Checks for numeric truncation issues.

- **Parameters:** 
  - `column` (*str*): The column name.
  - `df` (*pd.DataFrame*): The DataFrame containing the column.
  - `db_column_info` (*pd.Series*): Series containing information about the database column.
- **Returns:** 
  - `str` or `None`: Error message if truncation is detected, `None` otherwise.

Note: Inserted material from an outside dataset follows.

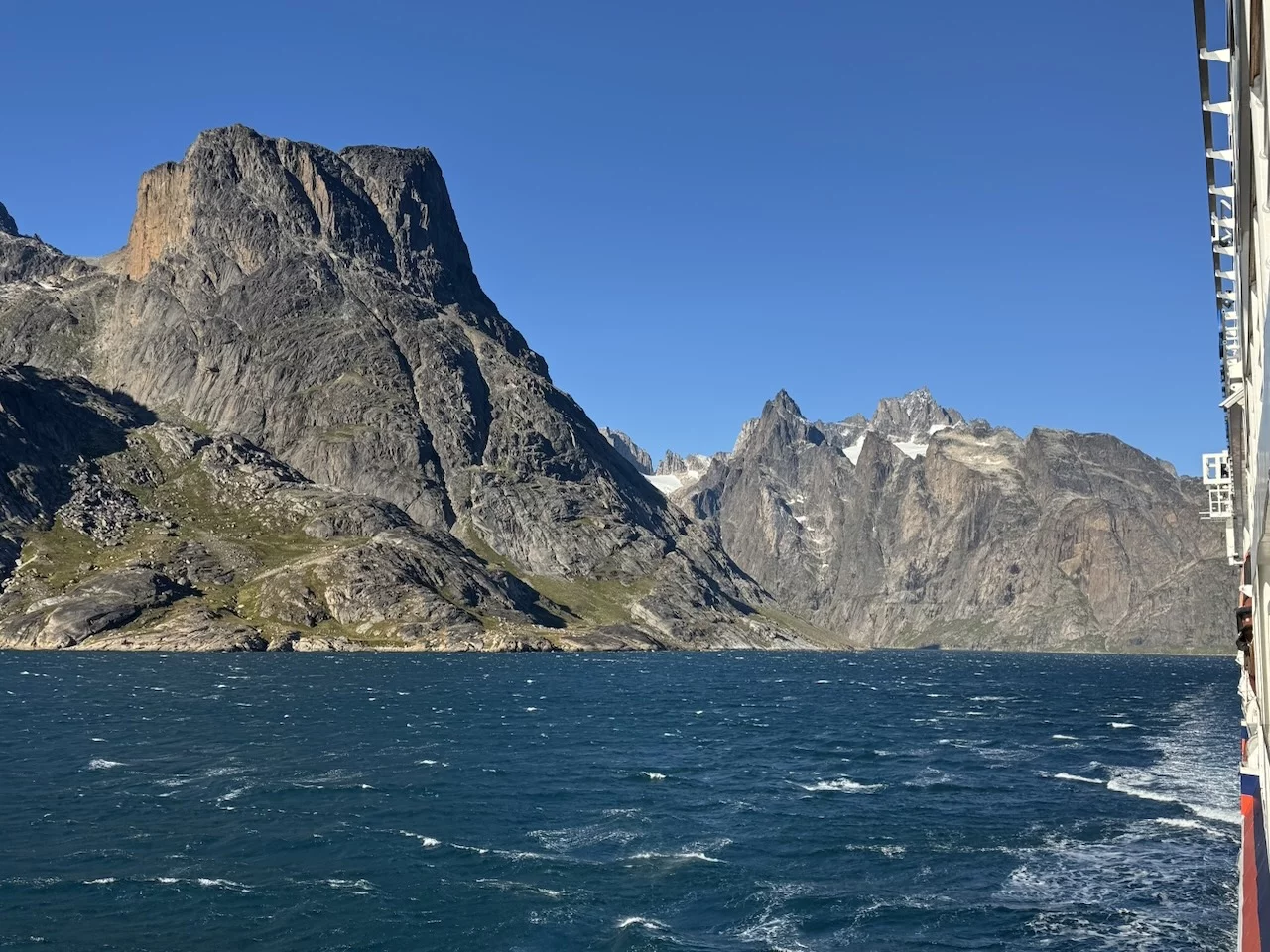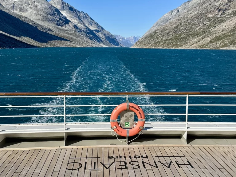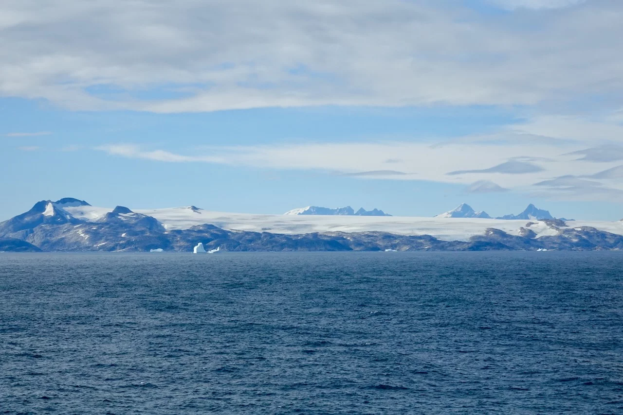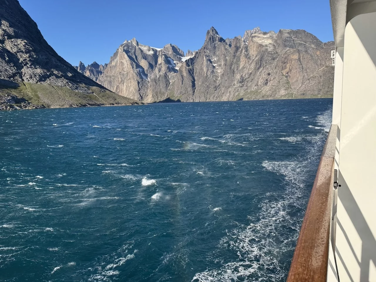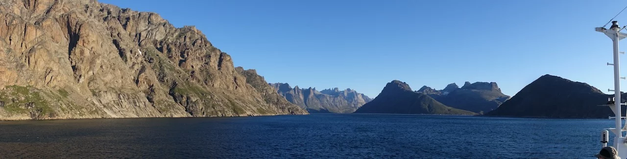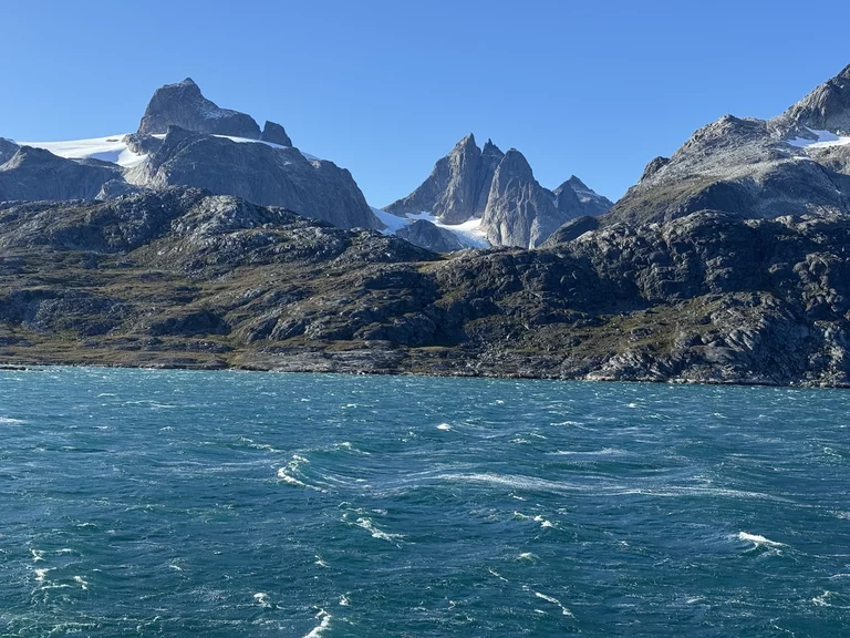 Gegen 13:00 Uhr haben wir die östliche Ausfahrt des Prins Christian Sund erreicht und arbeiten uns nun weiter nach Norden voran. Noch strahlt die Sonne vom blauen Himmel, doch das soll sich zum Abend hin ändern. Laut „Morgenpredigt“ vom Kapitän, die heute erst am Mittag stattfand, baut sich nördlich von uns zwischen Grönland und Island ein starkes Sturmtief auf.

##### `_check_string_or_date_truncation(column, df, db_column_info)`

Checks for string or date truncation issues.

- **Parameters:** 
  - `column` (*str*): The column name.
  - `df` (*pd.DataFrame*): The DataFrame containing the column.
  - `db_column_info` (*pd.Series*): Series containing information about the database column.
- **Returns:** 
  - `str` or `None`: Error message if truncation is detected, `None` otherwise.

#### Custom Exceptions

#### `ExtraColumnsException`

This exception is raised when extra columns are found in the DataFrame that are not present in the database table schema.

```python
class ExtraColumnsException(Exception):
    pass
```

#### `ColumnDataException`

This exception is raised when there are data type mismatches or truncation issues in the DataFrame columns.

```python
class ColumnDataException(Exception):
    pass
```

#### Example Usage

Here's an example of how you can use the `Validator` class to validate a DataFrame before uploading it to a database:

```python
import pandas as pd
from sqlalchemy import create_engine

data = {
    'name': ['Alice', 'Bob'],
    'age': [25, 30],
    'join_date': ['2020-01-01', '2019-06-15'],
}

df = pd.DataFrame(data)

# Create a connection to the database
engine = create_engine('sqlite:///example.db')
connection = engine.connect()

# Validate upload
try:
    Validator.validate_upload(connection, df, 'public', 'employees')
    print('DataFrame is valid for upload.')
except (ExtraColumnsException, ColumnDataException) as e:
    print(f'Validation failed: {e}')

connection.close()
```

The above script will validate the DataFrame against the specified database schema and table, ensuring that column types match and no extra columns are present.
## Contributing

Contributions are welcome! Please create a pull request or open an issue to discuss your ideas.
## License

This project is licensed under the MIT License.